Work to be completed: Every line from the one containing "伟德国际1949学生社团联合" to the end of the records below must be copied exactly, and no pictures may be included.

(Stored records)

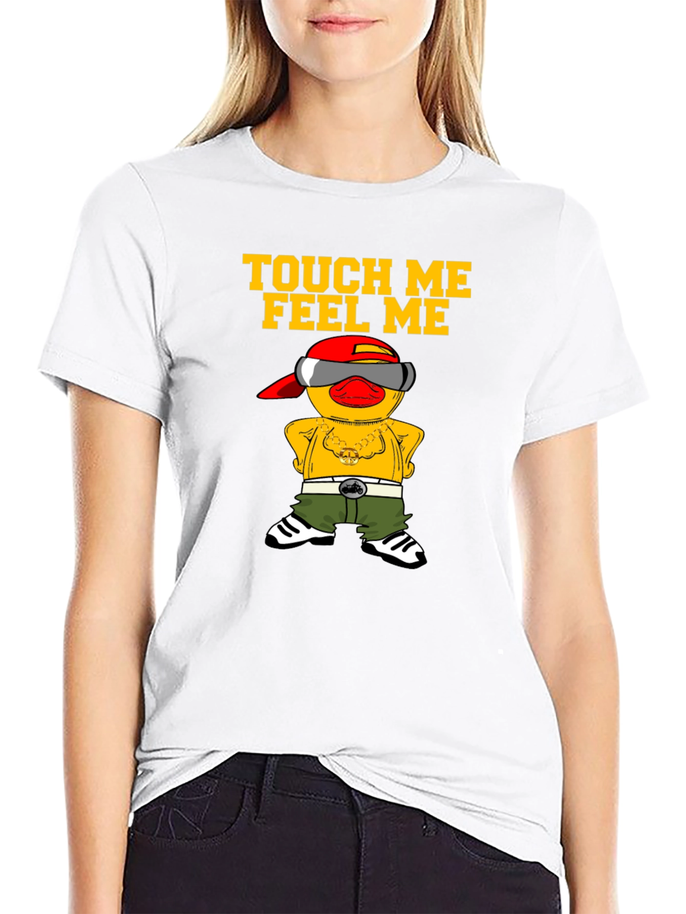 This black tee features a bold graphic of a cartoon duck wearing a red cap and sunglasses, giving off a cool and confident vibe. The tee also features the text "TOUCH ME FEEL ME" in an eye-catching gold font. The design is printed on a soft, comfortable fabric, making it perfect for everyday wear. With its unique and playful design, this tee is sure to turn heads and spark conversations. Ideal for casual outings, concerts, or just hanging out with friends. Express your individuality and add a touch of humor to your wardrobe!
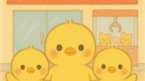 ヒヨコ三兄弟はわくわく顔で、ぴょんぴょん飛び跳ねます。
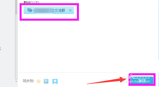 6、點擊此群后,此群的名稱就出現在右側的空白處,如果選擇好友,好友的昵稱就會出現在這里,然后點擊右下角的"發送”。
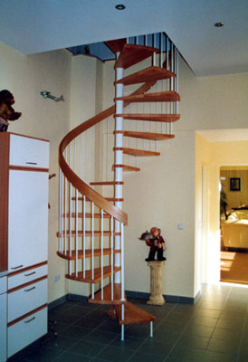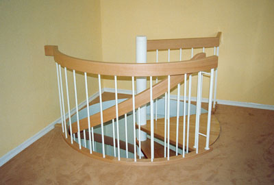 - Steiggeländer aus Holzhandlauf 120/40 mm und senkrechten weiß lackierten Stahlstäben 15 mm.
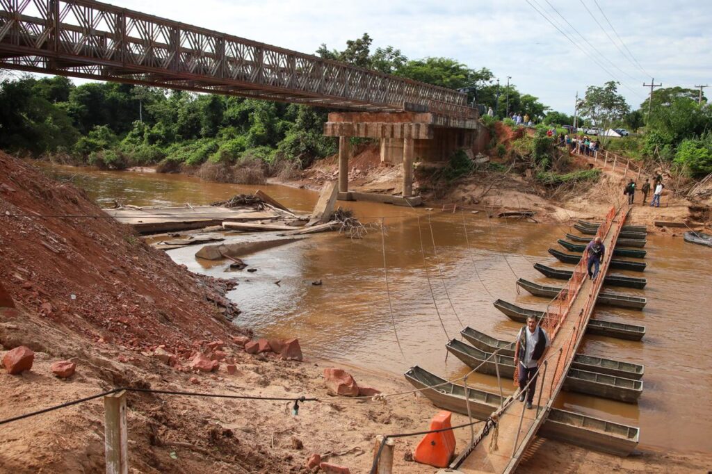 Após os danos causados pelas fortes chuvas que atingiram o município de Rio Negro, no Mato Grosso do Sul, o governo estadual iniciou uma força-tarefa para restabelecer a ponte de travessia sobre o Rio do Peixe. Nesta semana, o governador Eduardo Riedel (Progressistas) vistoriou a obra emergencial no local, que já conta com uma estrutura provisória para garantir o fluxo de veículos na região.
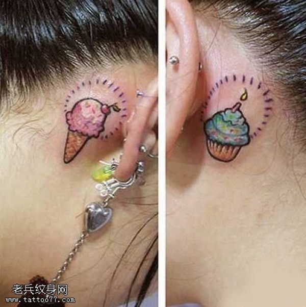 多款女生耳后黑色线条素描文艺小清新小图案纹身图案
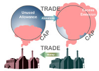Cap and Trade: Issue "carbon credits" to factories, or to countries, or auction them off to the highest bidder, where a carbon credit is permission to emit a certain amount of greenhouse gases. This has been tried many times with varying success. Over time, the total amount of credits is reduced as emitters clean up their act. Sometimes the carbon credits are issued to polluters (be they factories, or countries) according to how much they were emitting before the scheme began. If an emitter is able to reduce emissions, they may have a surplus of carbon credits that they can sell to make money. If an emitter increases emissions, they need to find someone that they can buy credits from. So everyone has an incentive to reduce emissions. There have been cases where companies go bankrupt and shut their doors, but keep alive a shell company to receive their carbon credits, which they then sell. John McCain had cap and trade as part of his campaign platform when he ran for president in 2008. If the carbon credits are just arbitrarily given to companies, they become an arbitrary windfall and reward for past bad behavior. If they are auctioned off by the government, that can just amount to an awkward carbon tax funding the growth of the public sector. Most observers today agree that a carbon fee or tax is a better approach than cap and trade. Drawbacks:
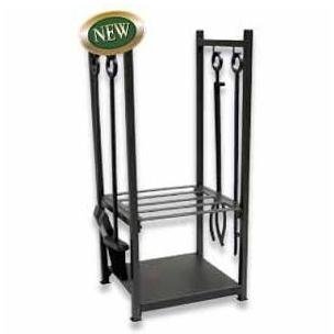 Uniflame Black Wrought Iron Log Rack with Tools Feature
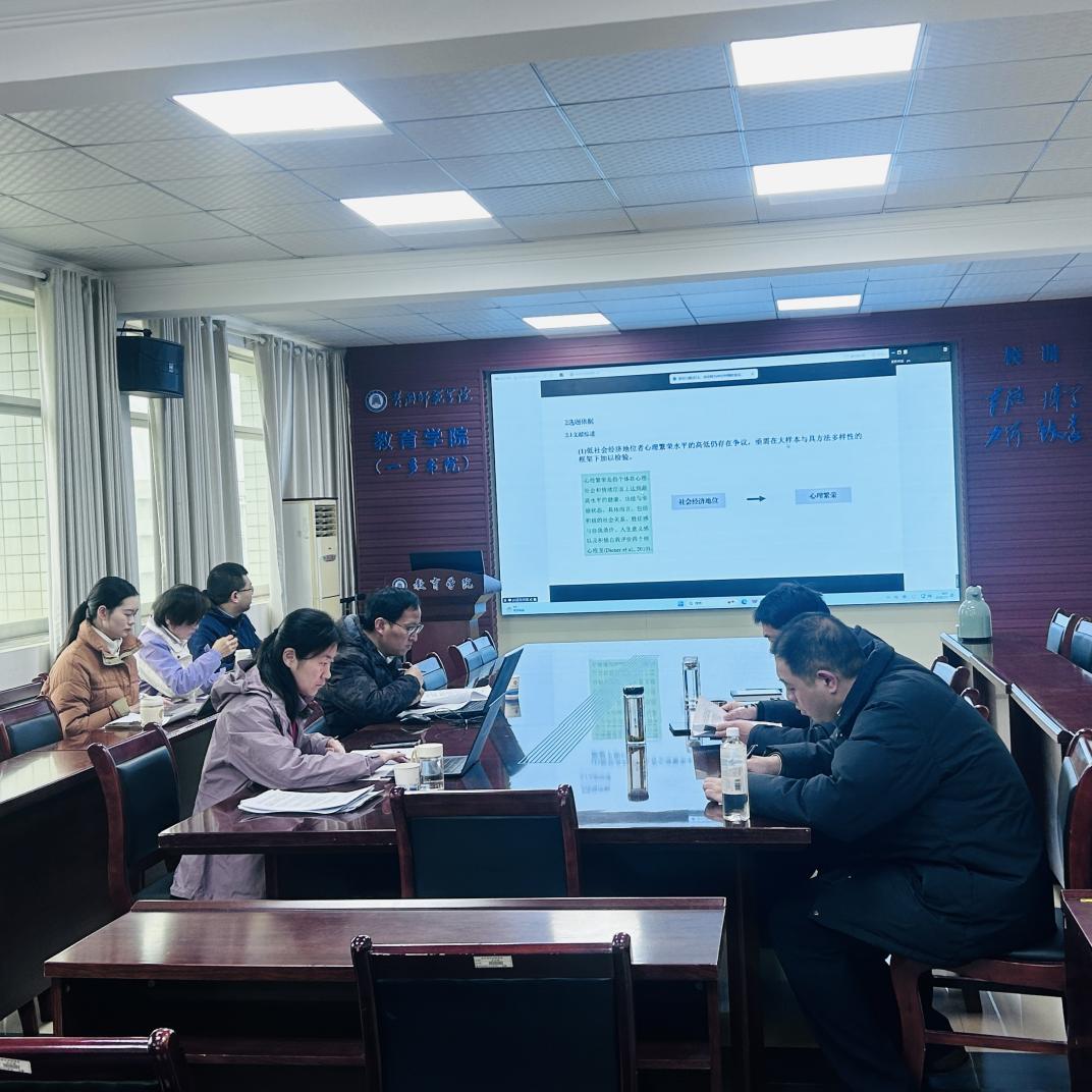 教育学组论证会由副院长韦耀阳教授主持。专场特邀华中师范大学人工智能教育学部博士生导师付卫东教授、黄冈师范学院马克思主义学院副院长李威教授(博士)担任评审专家,两位专家结合自身研究领域与评审经验,为课题申报提供专业指导。本组陈思、彭锦、韦耀阳、岳涛、游子欢、沈胜林、路雪、原凯等老师,依次汇报了课题申报书的修改完善情况,重点汇报了针对第一次论证会反馈问题的整改措施,展现出严谨的科研态度与扎实的改进成效。评审专家以严谨务实的态度,对各课题的研究定位、学术前沿性、实践价值及修改完善方向进行了细致点评,针对申报材料中仍存在的论证不充分、细节不规范等问题逐一指出,并提出可操作的修改意见,为教师进一步厘清研究路径、突破研究难点、提升申报书质量提供了有力支撑。
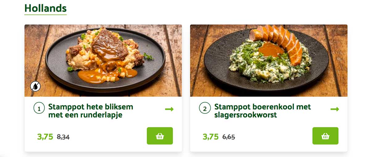 Kies uit alle 24 maaltijden die Uitgekookt op het moment aanbiedt. Deze maaltijden zijn opgedeeld in vier categorieën: Hollandse pot. Italiaans. Oosters. Werelds. Kies de maaltijden die je wilt en het bezorgmoment dat je uitkomt. Na het afrekenen hoef je alleen maar te wachten tot je verse maaltijden worden thuisbezorgd.
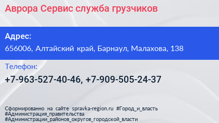 Аврора Сервис, служба грузчиков по адресу 656006, Алтайский край, Барнаул, Малахова, 138 в дальнейшем Организация, размещена в следующих категориях:
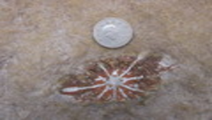 俗稱沙錢,常見於淺海陸棚的沉積環境,在野柳部分出露的砂岩層中可見海膽化石。圖為被褐鐵礦沉澱置換而呈紅褐色的海膽化石,抗風化相對較強而凸出於砂岩表面。
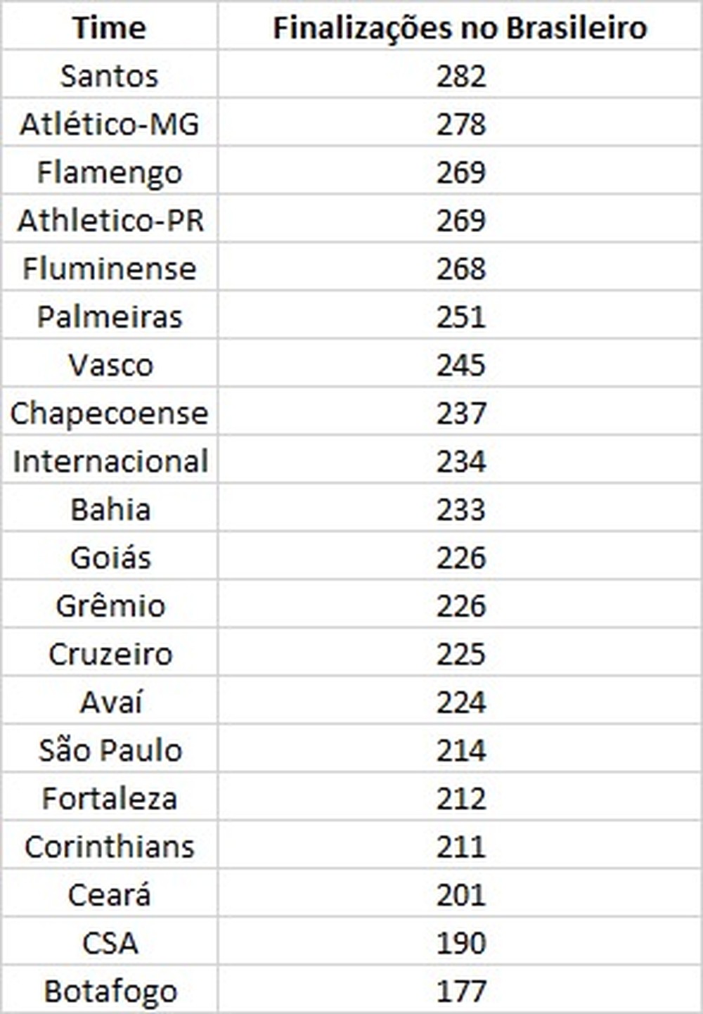 Sem marcar há duas rodadas no Campeonato Brasileiro, o Vasco tem encontrado dificuldades para balançar as redes e, evidentemente, ainda sente a falta de um camisa 9. Sétimo clube que mais finaliza no Campeonato Brasileiro, o time é também um dos que tem o menor aproveitamento nesse quesito, ganhando apenas de Avaí e CSA. Na média, precisa de 15 tentativas para acertar.
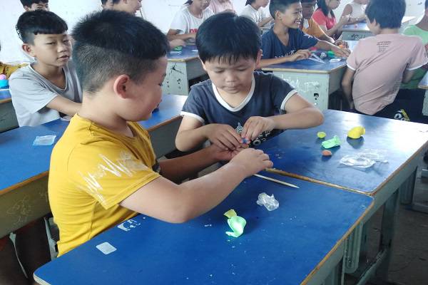 伟德国际1949学生社团联合会赴衡阳市祁东县成龙学校暑期实践团进行了第一次美工课教学。主要由美术老师贡浩天教学黏土制作和手工折纸。
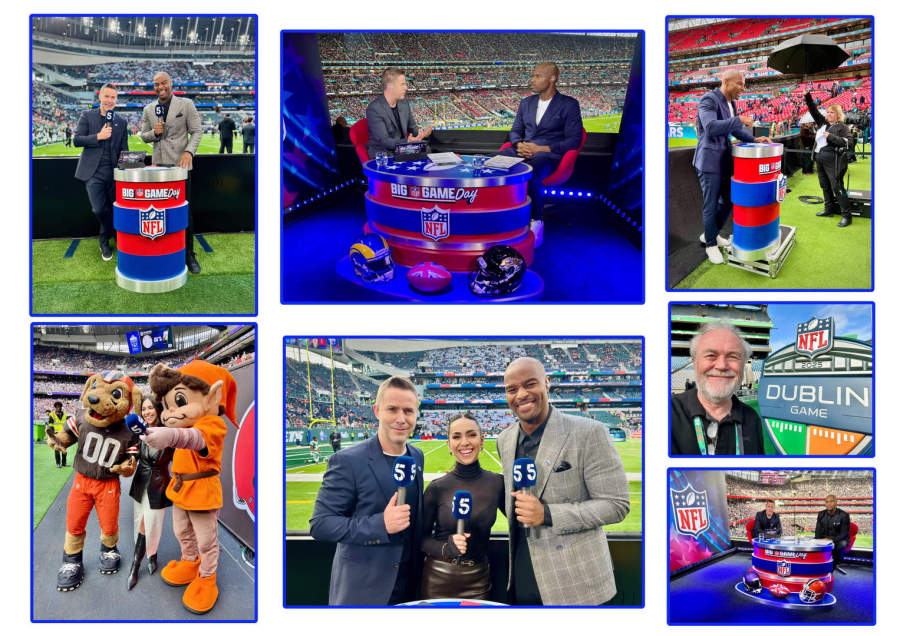 It was splendid to be reunited with presenters Osi Umenyiora and Nat Coombs once again and to meet pitch-side reporter Ellie Evelyn, whilst working on Hungry Bear Media’s Channel Five coverage of the NFL International Games, from Croke Park, Tottenham Hotspur and Wembley Stadiums.

Task solution:
 伟德国际1949学生社团联合会赴衡阳市祁东县成龙学校暑期实践团进行了第一次美工课教学。主要由美术老师贡浩天教学黏土制作和手工折纸。
 It was splendid to be reunited with presenters Osi Umenyiora and Nat Coombs once again and to meet pitch-side reporter Ellie Evelyn, whilst working on Hungry Bear Media’s Channel Five coverage of the NFL International Games, from Croke Park, Tottenham Hotspur and Wembley Stadiums.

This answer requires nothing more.